:: Material shown

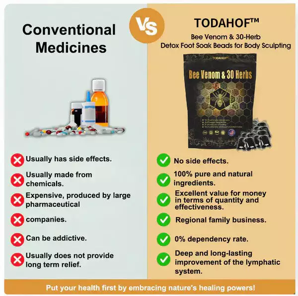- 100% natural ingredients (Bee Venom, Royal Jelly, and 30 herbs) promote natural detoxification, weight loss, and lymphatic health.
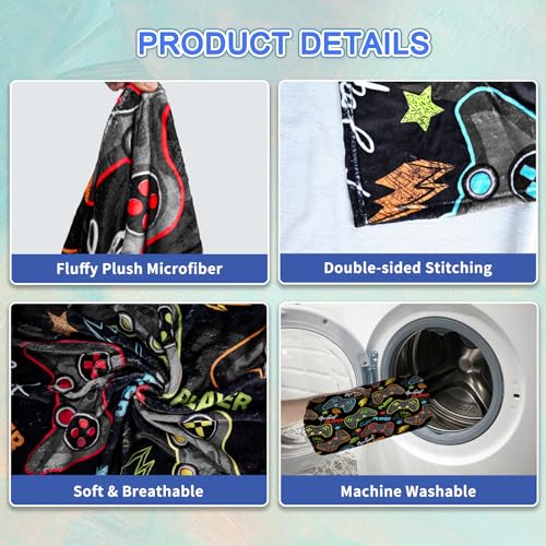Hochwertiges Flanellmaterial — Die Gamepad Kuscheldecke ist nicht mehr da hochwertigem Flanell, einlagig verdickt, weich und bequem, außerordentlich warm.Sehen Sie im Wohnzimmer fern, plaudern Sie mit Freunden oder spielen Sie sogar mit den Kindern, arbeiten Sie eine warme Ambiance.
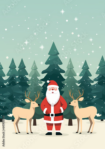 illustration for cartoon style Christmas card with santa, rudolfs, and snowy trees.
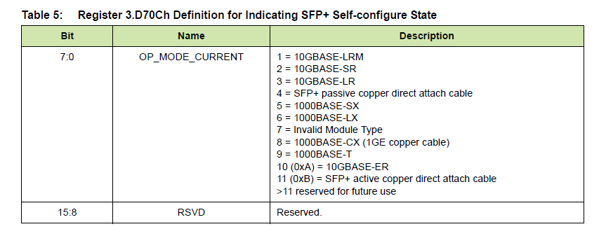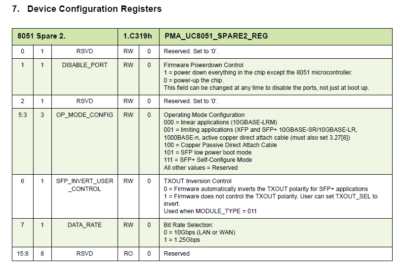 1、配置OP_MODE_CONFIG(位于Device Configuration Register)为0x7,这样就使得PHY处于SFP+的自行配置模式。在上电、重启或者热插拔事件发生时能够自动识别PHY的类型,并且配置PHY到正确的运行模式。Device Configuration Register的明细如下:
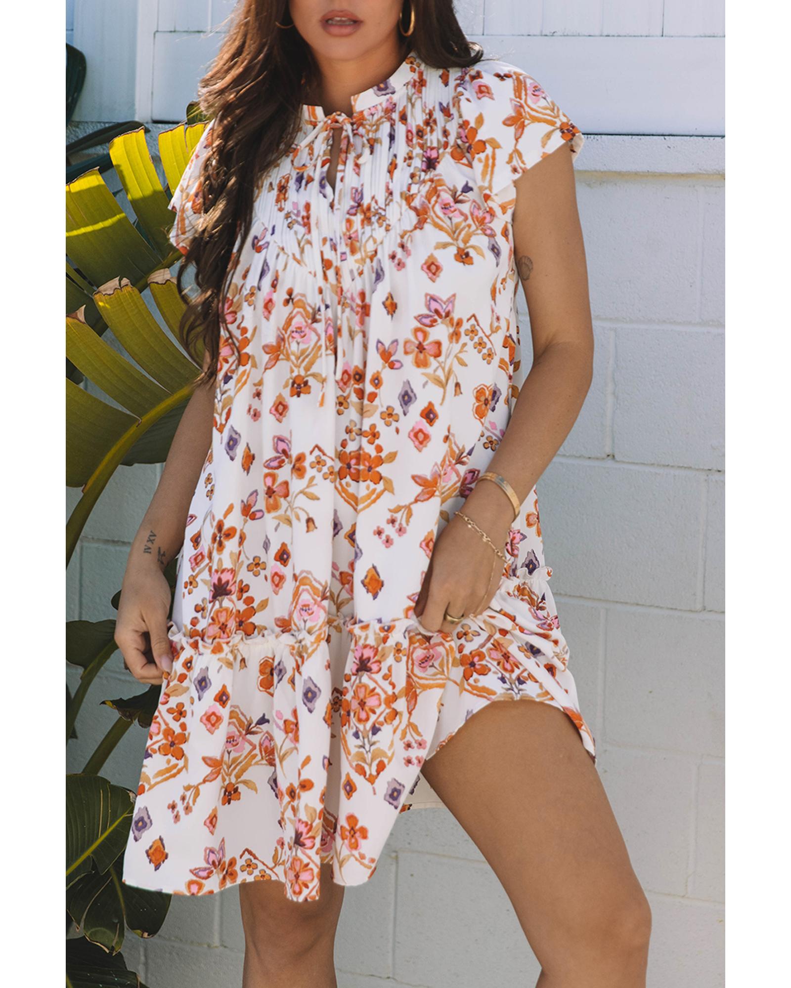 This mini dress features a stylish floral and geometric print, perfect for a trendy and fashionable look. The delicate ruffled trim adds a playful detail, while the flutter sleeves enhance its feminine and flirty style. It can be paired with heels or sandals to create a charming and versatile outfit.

::::

Task description — An exact restatement is expected of the lines from the line containing "illustration for cartoon" to the end of the data above, pictures excluded.

Solution for this task —
 illustration for cartoon style Christmas card with santa, rudolfs, and snowy trees.
 1、配置OP_MODE_CONFIG(位于Device Configuration Register)为0x7,这样就使得PHY处于SFP+的自行配置模式。在上电、重启或者热插拔事件发生时能够自动识别PHY的类型,并且配置PHY到正确的运行模式。Device Configuration Register的明细如下:
 This mini dress features a stylish floral and geometric print, perfect for a trendy and fashionable look. The delicate ruffled trim adds a playful detail, while the flutter sleeves enhance its feminine and flirty style. It can be paired with heels or sandals to create a charming and versatile outfit.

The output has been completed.